** Opening Material for the task block **
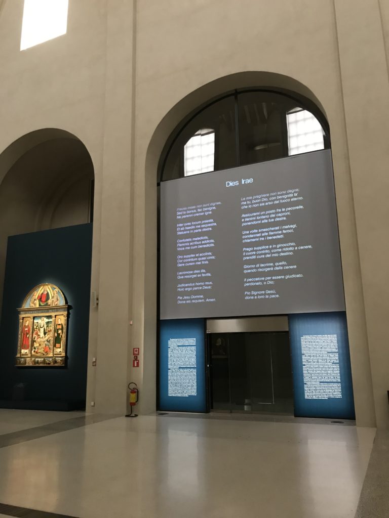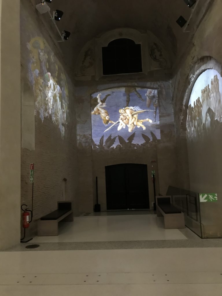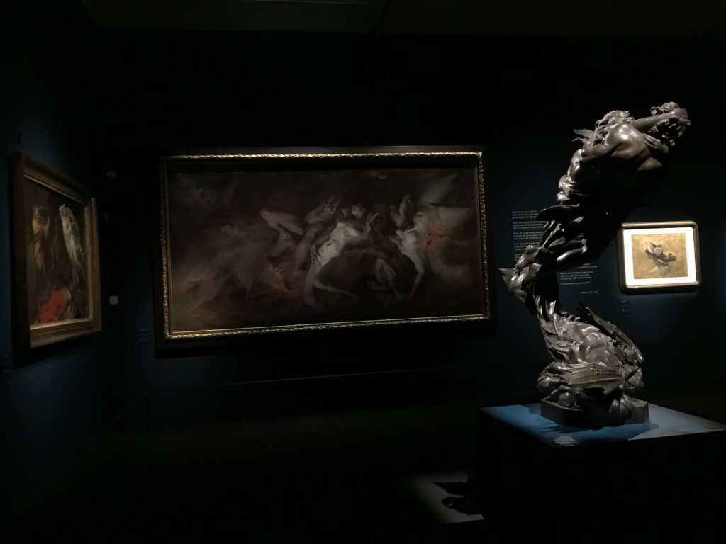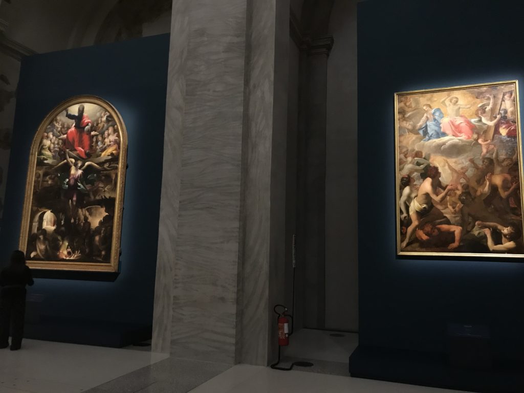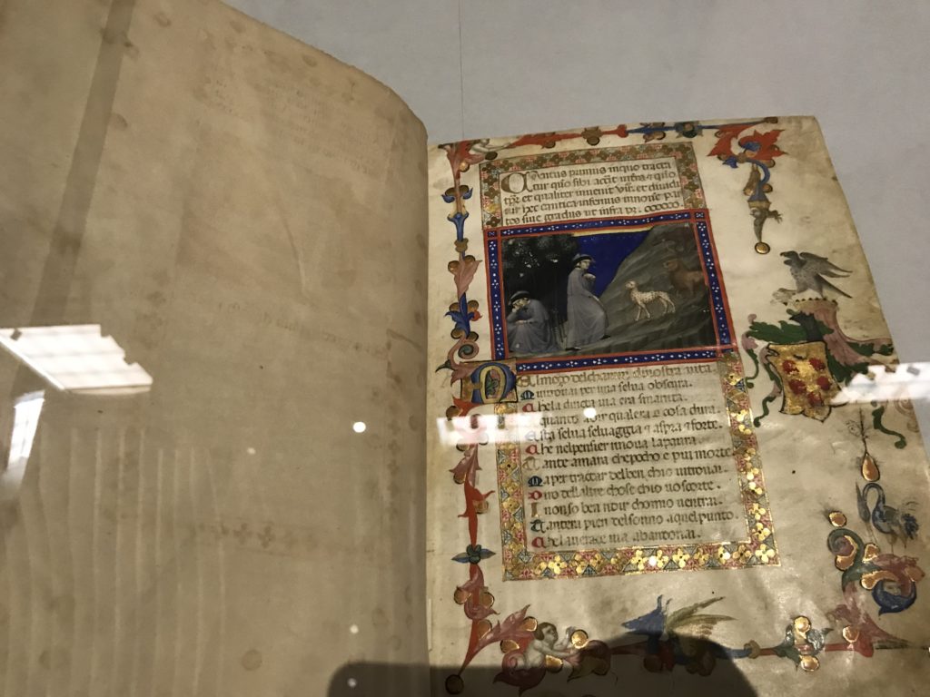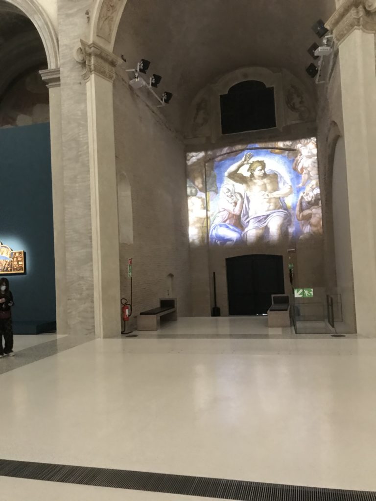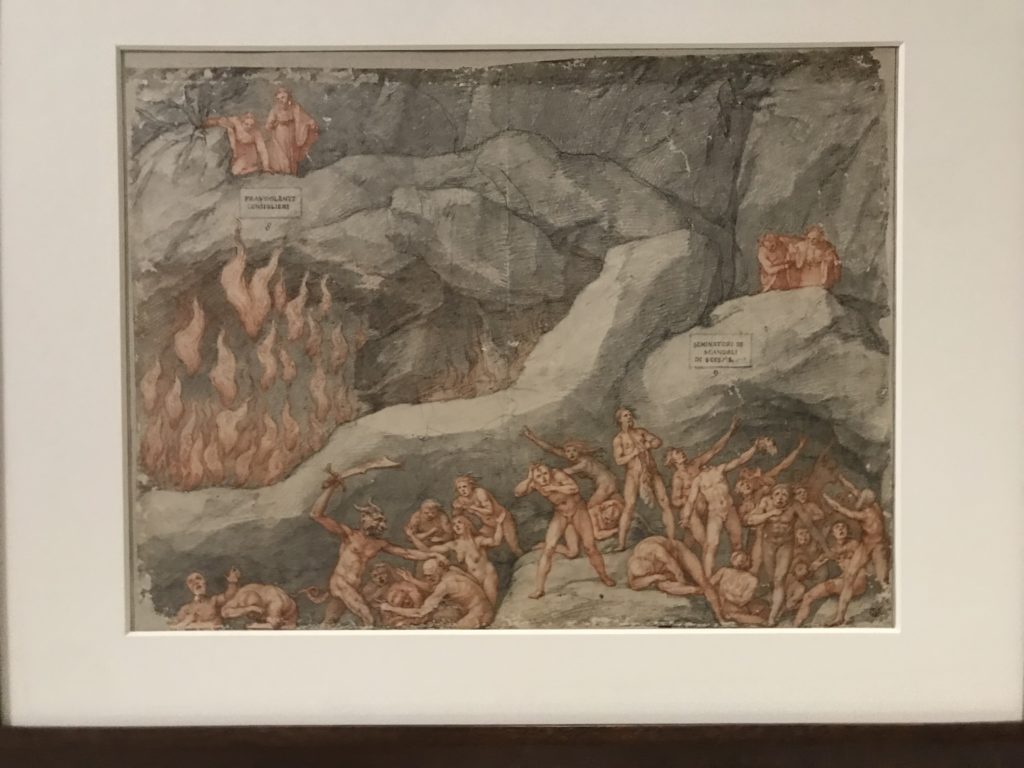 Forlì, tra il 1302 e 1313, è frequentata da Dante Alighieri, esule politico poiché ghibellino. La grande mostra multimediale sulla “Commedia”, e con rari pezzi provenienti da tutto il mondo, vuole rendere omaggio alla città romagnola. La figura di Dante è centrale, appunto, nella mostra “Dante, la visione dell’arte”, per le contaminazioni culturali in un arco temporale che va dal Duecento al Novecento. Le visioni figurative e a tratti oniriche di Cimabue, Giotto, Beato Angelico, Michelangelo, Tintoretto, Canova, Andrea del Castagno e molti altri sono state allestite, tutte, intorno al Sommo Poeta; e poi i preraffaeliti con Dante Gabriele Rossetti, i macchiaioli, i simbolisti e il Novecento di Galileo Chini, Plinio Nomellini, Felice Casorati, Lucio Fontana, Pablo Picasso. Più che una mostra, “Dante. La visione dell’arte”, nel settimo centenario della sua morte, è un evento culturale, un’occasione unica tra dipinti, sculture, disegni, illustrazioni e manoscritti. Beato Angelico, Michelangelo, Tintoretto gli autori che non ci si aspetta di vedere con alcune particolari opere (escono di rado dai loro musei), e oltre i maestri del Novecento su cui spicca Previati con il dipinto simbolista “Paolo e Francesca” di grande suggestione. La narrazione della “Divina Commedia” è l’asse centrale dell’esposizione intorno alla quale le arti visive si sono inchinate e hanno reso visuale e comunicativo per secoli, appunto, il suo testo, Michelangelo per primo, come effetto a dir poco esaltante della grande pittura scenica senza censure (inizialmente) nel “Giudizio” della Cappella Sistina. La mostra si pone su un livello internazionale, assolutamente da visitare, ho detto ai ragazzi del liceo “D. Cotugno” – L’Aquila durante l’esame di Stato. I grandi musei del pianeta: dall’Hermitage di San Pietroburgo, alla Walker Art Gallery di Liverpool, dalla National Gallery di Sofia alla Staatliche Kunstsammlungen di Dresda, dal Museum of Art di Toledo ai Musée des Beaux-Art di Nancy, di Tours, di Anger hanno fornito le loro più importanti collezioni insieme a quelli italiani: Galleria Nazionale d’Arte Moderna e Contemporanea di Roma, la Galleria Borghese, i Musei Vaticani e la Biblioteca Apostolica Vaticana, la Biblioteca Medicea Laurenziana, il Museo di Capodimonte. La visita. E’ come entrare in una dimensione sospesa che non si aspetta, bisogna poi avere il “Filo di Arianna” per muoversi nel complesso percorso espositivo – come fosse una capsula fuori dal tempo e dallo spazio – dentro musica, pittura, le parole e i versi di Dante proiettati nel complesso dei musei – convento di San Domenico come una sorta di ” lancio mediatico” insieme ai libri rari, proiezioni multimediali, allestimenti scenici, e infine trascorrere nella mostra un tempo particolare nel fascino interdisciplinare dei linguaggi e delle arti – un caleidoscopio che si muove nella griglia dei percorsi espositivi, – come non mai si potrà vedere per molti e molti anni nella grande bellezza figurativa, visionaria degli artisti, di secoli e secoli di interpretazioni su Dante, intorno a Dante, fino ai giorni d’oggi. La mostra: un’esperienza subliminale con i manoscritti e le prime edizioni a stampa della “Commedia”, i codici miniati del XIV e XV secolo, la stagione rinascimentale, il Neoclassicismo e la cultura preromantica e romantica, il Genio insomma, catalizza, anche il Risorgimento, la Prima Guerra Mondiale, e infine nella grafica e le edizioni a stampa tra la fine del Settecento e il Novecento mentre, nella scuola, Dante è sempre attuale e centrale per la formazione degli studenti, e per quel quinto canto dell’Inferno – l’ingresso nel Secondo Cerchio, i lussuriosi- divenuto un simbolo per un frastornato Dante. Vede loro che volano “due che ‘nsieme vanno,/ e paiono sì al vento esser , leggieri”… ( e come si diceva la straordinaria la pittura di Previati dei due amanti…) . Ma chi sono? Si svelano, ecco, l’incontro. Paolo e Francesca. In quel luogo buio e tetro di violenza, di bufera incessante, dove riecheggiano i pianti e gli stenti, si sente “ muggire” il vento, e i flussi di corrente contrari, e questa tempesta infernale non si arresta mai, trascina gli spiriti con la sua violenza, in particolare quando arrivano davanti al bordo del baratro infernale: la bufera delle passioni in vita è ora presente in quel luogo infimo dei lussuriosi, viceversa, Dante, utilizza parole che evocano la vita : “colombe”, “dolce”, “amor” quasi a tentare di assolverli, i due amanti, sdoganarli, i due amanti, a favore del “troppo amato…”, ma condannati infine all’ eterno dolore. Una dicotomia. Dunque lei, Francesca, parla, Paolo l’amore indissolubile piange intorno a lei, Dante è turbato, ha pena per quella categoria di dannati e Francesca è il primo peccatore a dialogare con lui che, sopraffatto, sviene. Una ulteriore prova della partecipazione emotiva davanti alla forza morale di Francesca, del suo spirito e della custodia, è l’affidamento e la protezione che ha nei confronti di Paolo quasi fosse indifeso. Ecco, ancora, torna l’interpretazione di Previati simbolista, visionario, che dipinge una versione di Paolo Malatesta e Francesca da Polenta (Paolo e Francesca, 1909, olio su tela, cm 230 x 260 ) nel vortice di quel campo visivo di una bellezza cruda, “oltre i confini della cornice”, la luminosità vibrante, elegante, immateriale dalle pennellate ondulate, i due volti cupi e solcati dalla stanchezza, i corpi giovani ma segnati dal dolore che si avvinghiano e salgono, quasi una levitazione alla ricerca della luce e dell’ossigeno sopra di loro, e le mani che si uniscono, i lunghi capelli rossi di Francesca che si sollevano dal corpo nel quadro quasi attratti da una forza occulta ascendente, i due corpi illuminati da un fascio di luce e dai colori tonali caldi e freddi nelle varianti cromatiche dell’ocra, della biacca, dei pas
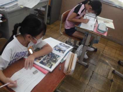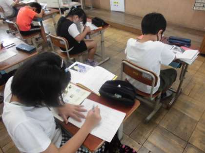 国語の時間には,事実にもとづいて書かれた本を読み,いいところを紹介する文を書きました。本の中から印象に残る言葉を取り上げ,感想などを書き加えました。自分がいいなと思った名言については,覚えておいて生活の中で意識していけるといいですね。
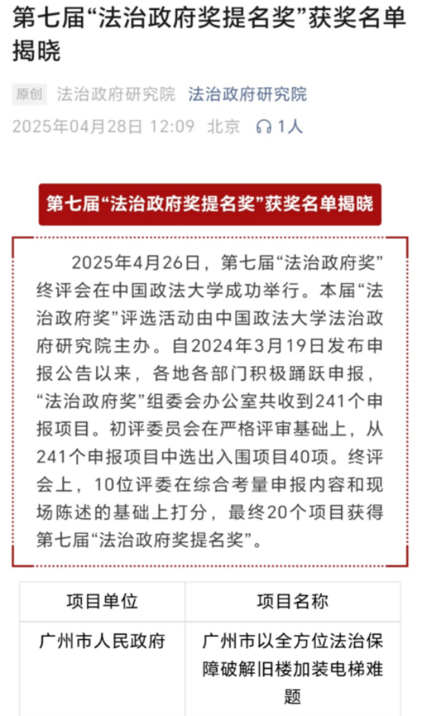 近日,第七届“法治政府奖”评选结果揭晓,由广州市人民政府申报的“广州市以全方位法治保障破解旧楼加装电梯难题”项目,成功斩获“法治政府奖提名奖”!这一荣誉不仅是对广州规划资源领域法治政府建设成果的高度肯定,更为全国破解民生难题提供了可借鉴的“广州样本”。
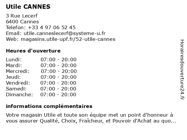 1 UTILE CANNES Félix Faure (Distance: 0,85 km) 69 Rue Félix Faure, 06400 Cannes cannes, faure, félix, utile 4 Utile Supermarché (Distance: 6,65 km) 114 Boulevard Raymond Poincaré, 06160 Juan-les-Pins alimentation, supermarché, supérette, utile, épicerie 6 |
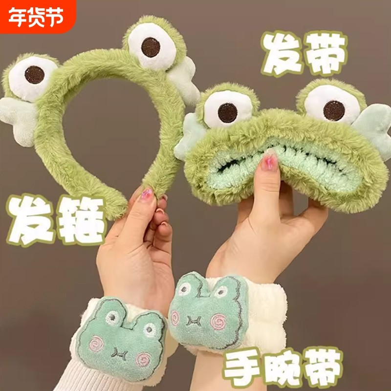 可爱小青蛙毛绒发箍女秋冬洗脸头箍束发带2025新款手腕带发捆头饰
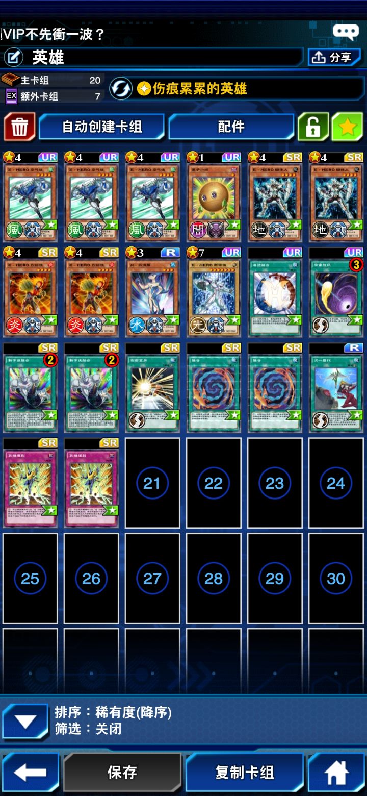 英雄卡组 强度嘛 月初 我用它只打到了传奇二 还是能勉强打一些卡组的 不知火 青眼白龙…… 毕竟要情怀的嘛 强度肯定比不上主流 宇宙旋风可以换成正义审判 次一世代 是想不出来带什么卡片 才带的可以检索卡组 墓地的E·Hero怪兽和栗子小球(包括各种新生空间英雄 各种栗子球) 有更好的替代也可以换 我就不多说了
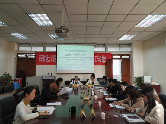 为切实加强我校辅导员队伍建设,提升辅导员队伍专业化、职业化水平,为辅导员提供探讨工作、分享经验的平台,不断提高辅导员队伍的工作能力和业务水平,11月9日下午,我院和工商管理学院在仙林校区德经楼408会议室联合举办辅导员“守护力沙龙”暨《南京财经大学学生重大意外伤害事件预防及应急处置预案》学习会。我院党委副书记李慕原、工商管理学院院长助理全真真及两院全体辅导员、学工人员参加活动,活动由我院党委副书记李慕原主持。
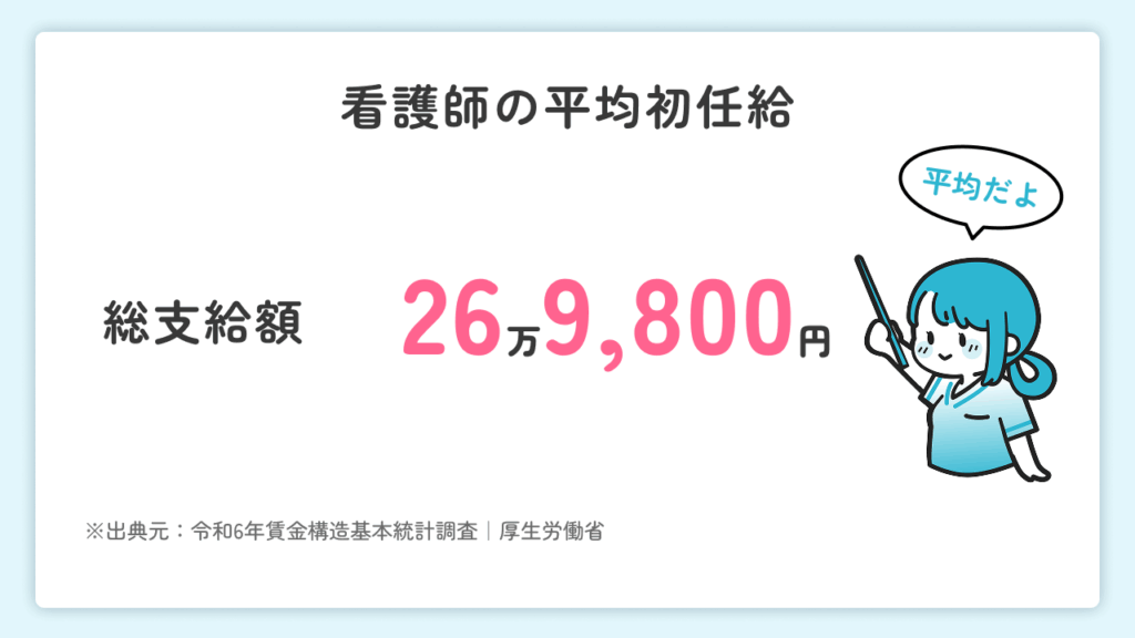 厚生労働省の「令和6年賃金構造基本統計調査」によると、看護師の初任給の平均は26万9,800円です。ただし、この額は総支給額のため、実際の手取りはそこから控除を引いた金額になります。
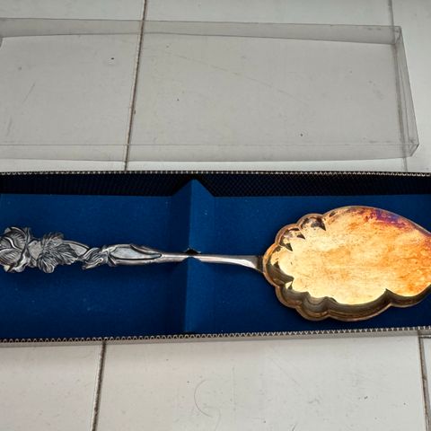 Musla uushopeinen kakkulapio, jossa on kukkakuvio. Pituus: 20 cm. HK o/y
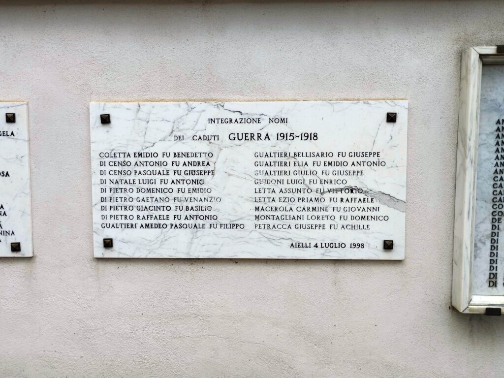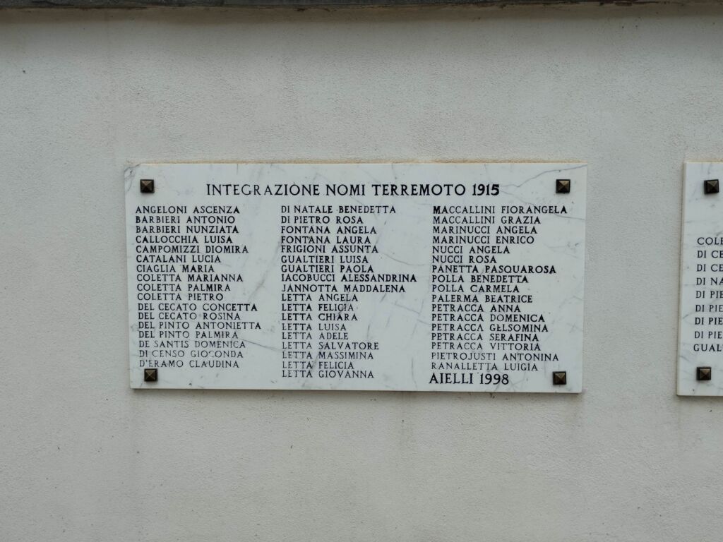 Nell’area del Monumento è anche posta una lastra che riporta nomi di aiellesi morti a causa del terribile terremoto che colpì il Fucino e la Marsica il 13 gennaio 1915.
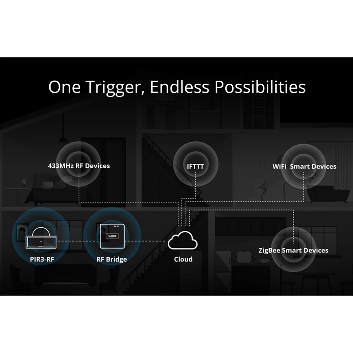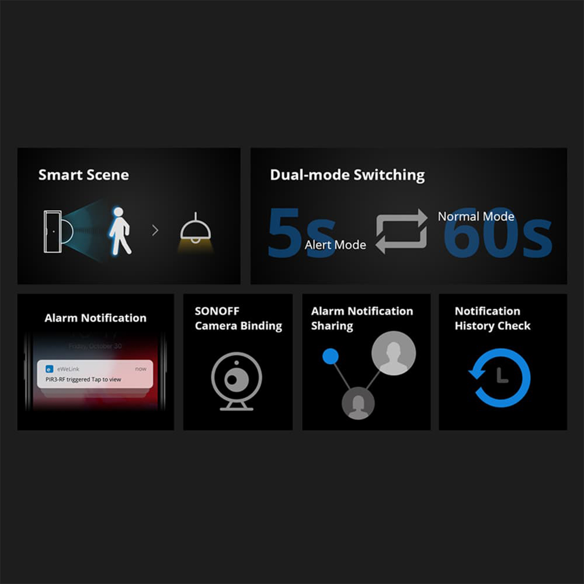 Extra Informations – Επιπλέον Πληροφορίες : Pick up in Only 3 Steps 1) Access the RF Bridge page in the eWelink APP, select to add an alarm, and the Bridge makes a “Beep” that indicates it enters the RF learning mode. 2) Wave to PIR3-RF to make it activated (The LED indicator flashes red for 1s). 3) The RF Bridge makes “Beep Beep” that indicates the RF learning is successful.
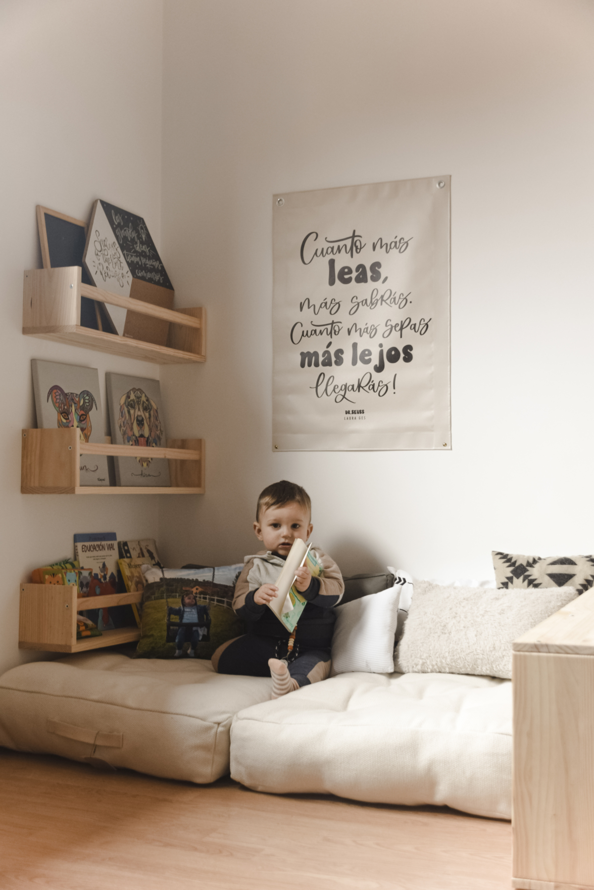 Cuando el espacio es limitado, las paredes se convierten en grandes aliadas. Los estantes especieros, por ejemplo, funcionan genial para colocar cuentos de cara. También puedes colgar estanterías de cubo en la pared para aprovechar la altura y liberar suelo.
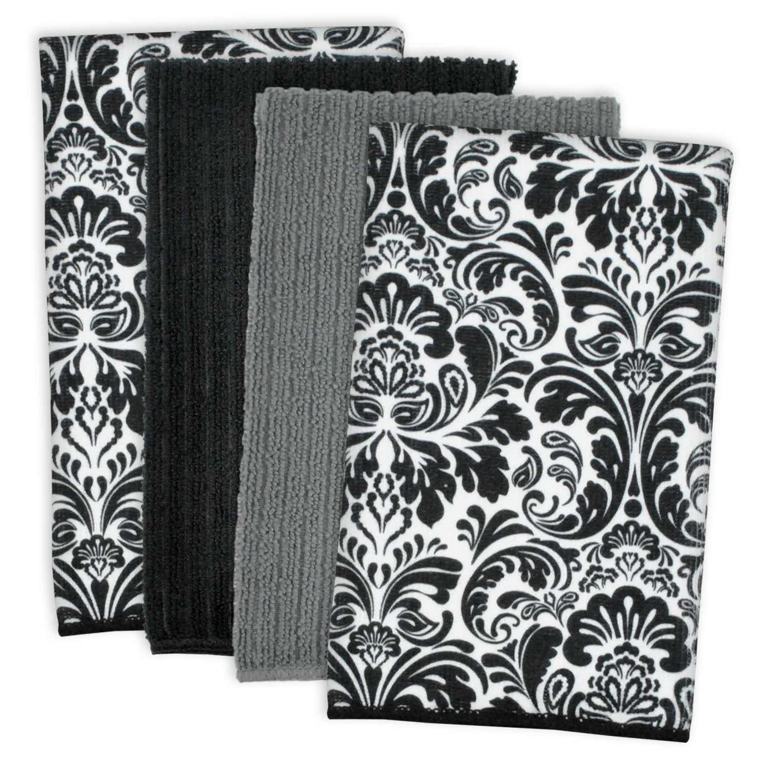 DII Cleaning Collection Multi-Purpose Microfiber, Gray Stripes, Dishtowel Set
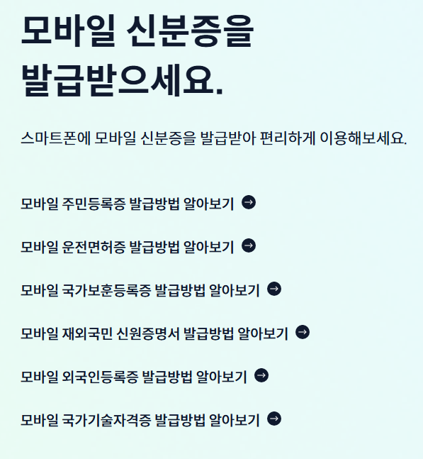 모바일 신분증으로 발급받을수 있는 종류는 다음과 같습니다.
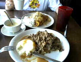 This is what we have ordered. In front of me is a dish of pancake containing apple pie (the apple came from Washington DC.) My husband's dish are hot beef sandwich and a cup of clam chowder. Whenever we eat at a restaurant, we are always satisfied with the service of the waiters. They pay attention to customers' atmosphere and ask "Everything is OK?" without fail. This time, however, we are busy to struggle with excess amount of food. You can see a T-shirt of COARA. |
** Closing Material for the task block **
Directions for this task |
Using the material above, reproduce only the lines that run from the line with "为切实加强我校辅导员队伍建设" up to and including the line with "모바일 신분증으로 발급받을수 있는 종류는 다음과 같습니다.", exactly, with the pictures dropped.

Problem solution |
 为切实加强我校辅导员队伍建设,提升辅导员队伍专业化、职业化水平,为辅导员提供探讨工作、分享经验的平台,不断提高辅导员队伍的工作能力和业务水平,11月9日下午,我院和工商管理学院在仙林校区德经楼408会议室联合举办辅导员“守护力沙龙”暨《南京财经大学学生重大意外伤害事件预防及应急处置预案》学习会。我院党委副书记李慕原、工商管理学院院长助理全真真及两院全体辅导员、学工人员参加活动,活动由我院党委副书记李慕原主持。
 厚生労働省の「令和6年賃金構造基本統計調査」によると、看護師の初任給の平均は26万9,800円です。ただし、この額は総支給額のため、実際の手取りはそこから控除を引いた金額になります。
 Musla uushopeinen kakkulapio, jossa on kukkakuvio. Pituus: 20 cm. HK o/y
 Nell’area del Monumento è anche posta una lastra che riporta nomi di aiellesi morti a causa del terribile terremoto che colpì il Fucino e la Marsica il 13 gennaio 1915.
 Extra Informations – Επιπλέον Πληροφορίες : Pick up in Only 3 Steps 1) Access the RF Bridge page in the eWelink APP, select to add an alarm, and the Bridge makes a “Beep” that indicates it enters the RF learning mode. 2) Wave to PIR3-RF to make it activated (The LED indicator flashes red for 1s). 3) The RF Bridge makes “Beep Beep” that indicates the RF learning is successful.
 Cuando el espacio es limitado, las paredes se convierten en grandes aliadas. Los estantes especieros, por ejemplo, funcionan genial para colocar cuentos de cara. También puedes colgar estanterías de cubo en la pared para aprovechar la altura y liberar suelo.
 DII Cleaning Collection Multi-Purpose Microfiber, Gray Stripes, Dishtowel Set
 모바일 신분증으로 발급받을수 있는 종류는 다음과 같습니다.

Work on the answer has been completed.